[Stored items from a collection]
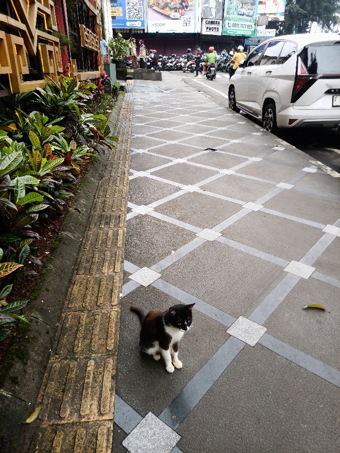 A black and white cat sits on a patterned sidewalk. The sidewalk is gray with squares and light gray diagonal lines, adjacent to a textured yellow border and plants. A white car is parked on the right side of the frame. Further back, motorbikes and people are visible in front of buildings and advertisements. The scene appears to be outdoors on a slightly wet day.
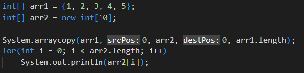 하지만 java에선 배열 복사를 위한 메서드 arraycopy()를 제공한다. 형태는 아래와 같다.
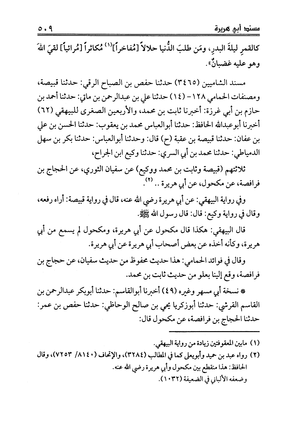 ثلاثتهم (قبيصة وثابت بن محمد ووكيع) عن سفيان الثوري، عن الحجاج بن فرافصة، عن مكحول، عن أبي هريرة .. (¬2).
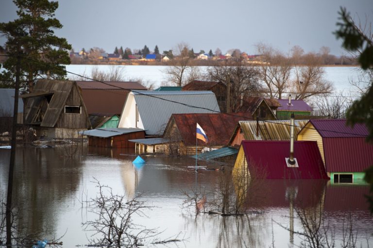 Pohľad na zaplavenú oblasť 1 968 km východne od Moskvy. Išim, 21. apríl 2024. Foto: SITA/AP
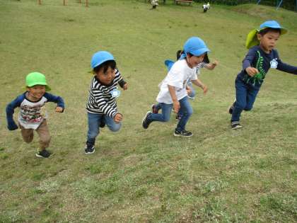 壇の山公園では芝生を走ったり、傾斜の芝生をのぼりっこ競争をしました。繰り返しのぼることを楽しむと「今度は手をつかないようにしよう」「速くのぼれた」と声を掛け合う場面も見られました。上る遊びから傾斜で「だるまさんが転んだしよう!」という声が聞かれ、だるまさんが転んだも楽しみました。また、晴れた日には散歩に出かけましょうね!
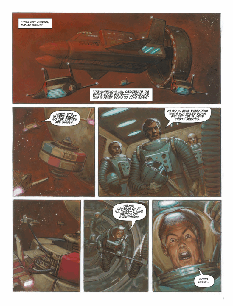 Early last year it was revealed that the series would return with critically acclaimed 2000 AD creators Michael Carroll (Dreadnoughts) and artist Tom Foster (Judge Dredd: The Penitant Man) taking on the herculean task of continuing the beloved British sci-fi strip. And, in deference to Laurence. even going old school – as Foster picked up the brush to give it that authentic hand-painted feel.
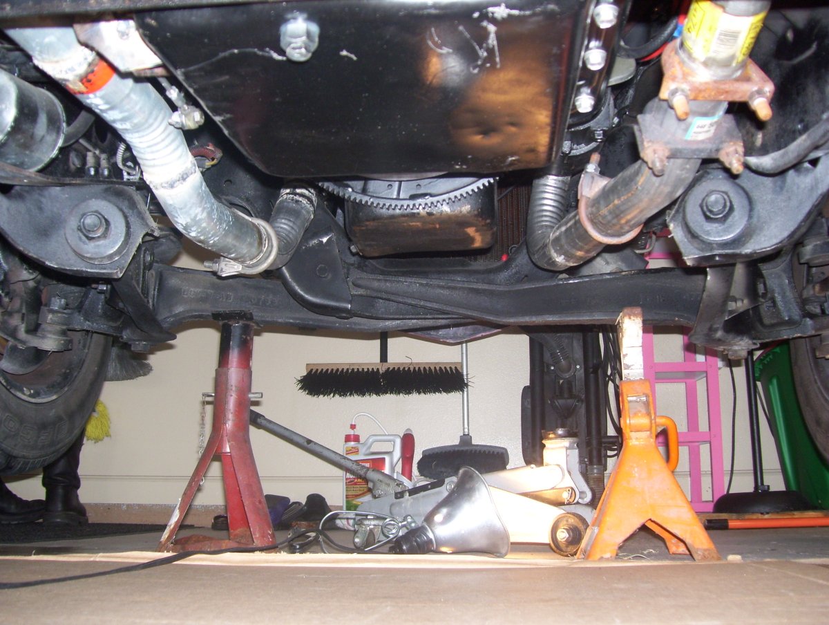 Back to the go-rajj this afternoon to finish bolting the crossmember & Re-(LOL)-shorten the driveshaft.....
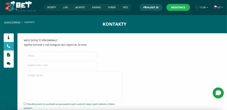 support-cz@22bet.com – hlavní kontaktní adresa pro českou podporu
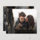 Detta eleganta horisontella spara-datum-kort har en svart akvarellfärgad agat-kant med falskt guldglitter. Byt enkelt ut exempelbilden mot ditt eget foto av den blivande bruden och brudgummen. Den anpassningsbara texten kombinerar guldfärgad handskriven skrift och kopparplåtsskrift; en svart gradientfilter hjälper till att få texten att sticka ut. Baksidan har en matchande svart och guld agat-design.
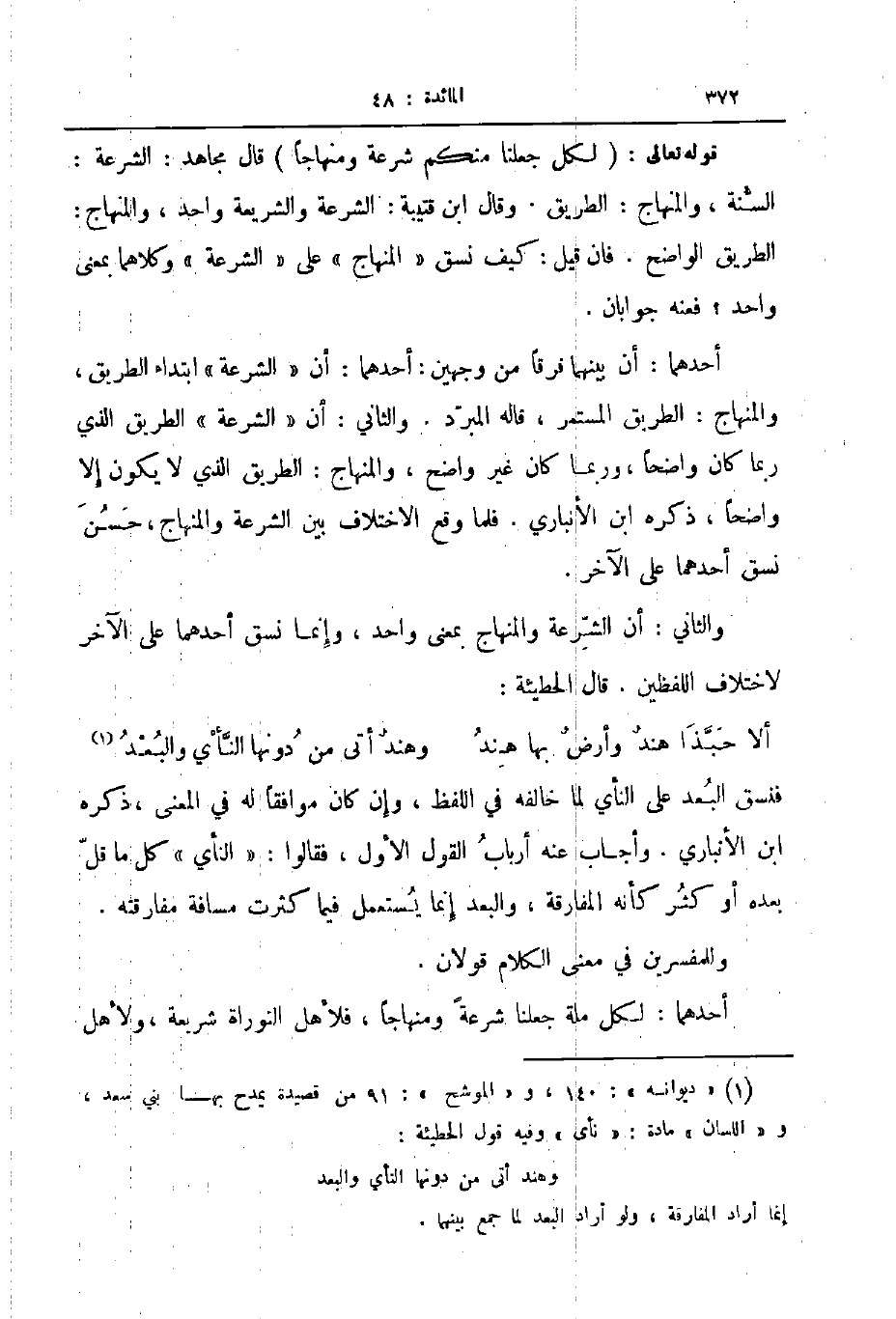 والثاني أن الشرعة والمنهاج بمعنى واحد وإنما نسق أحدهما على الآخر لاختلاف اللفظين قال الحطيئة ... ألا حبذا هند وأرض بها هند ... وهند أتى من دونها النأي والبعد ...

Exercise prompt:
Exact copy, no pictures: reproduce every entry shown above.

Answer area:
 A black and white cat sits on a patterned sidewalk. The sidewalk is gray with squares and light gray diagonal lines, adjacent to a textured yellow border and plants. A white car is parked on the right side of the frame. Further back, motorbikes and people are visible in front of buildings and advertisements. The scene appears to be outdoors on a slightly wet day.
 하지만 java에선 배열 복사를 위한 메서드 arraycopy()를 제공한다. 형태는 아래와 같다.
 ثلاثتهم (قبيصة وثابت بن محمد ووكيع) عن سفيان الثوري، عن الحجاج بن فرافصة، عن مكحول، عن أبي هريرة .. (¬2).
 Pohľad na zaplavenú oblasť 1 968 km východne od Moskvy. Išim, 21. apríl 2024. Foto: SITA/AP
 壇の山公園では芝生を走ったり、傾斜の芝生をのぼりっこ競争をしました。繰り返しのぼることを楽しむと「今度は手をつかないようにしよう」「速くのぼれた」と声を掛け合う場面も見られました。上る遊びから傾斜で「だるまさんが転んだしよう!」という声が聞かれ、だるまさんが転んだも楽しみました。また、晴れた日には散歩に出かけましょうね!
 Early last year it was revealed that the series would return with critically acclaimed 2000 AD creators Michael Carroll (Dreadnoughts) and artist Tom Foster (Judge Dredd: The Penitant Man) taking on the herculean task of continuing the beloved British sci-fi strip. And, in deference to Laurence. even going old school – as Foster picked up the brush to give it that authentic hand-painted feel.
 Back to the go-rajj this afternoon to finish bolting the crossmember & Re-(LOL)-shorten the driveshaft.....
 support-cz@22bet.com – hlavní kontaktní adresa pro českou podporu
 Detta eleganta horisontella spara-datum-kort har en svart akvarellfärgad agat-kant med falskt guldglitter. Byt enkelt ut exempelbilden mot ditt eget foto av den blivande bruden och brudgummen. Den anpassningsbara texten kombinerar guldfärgad handskriven skrift och kopparplåtsskrift; en svart gradientfilter hjälper till att få texten att sticka ut. Baksidan har en matchande svart och guld agat-design.
 والثاني أن الشرعة والمنهاج بمعنى واحد وإنما نسق أحدهما على الآخر لاختلاف اللفظين قال الحطيئة ... ألا حبذا هند وأرض بها هند ... وهند أتى من دونها النأي والبعد ...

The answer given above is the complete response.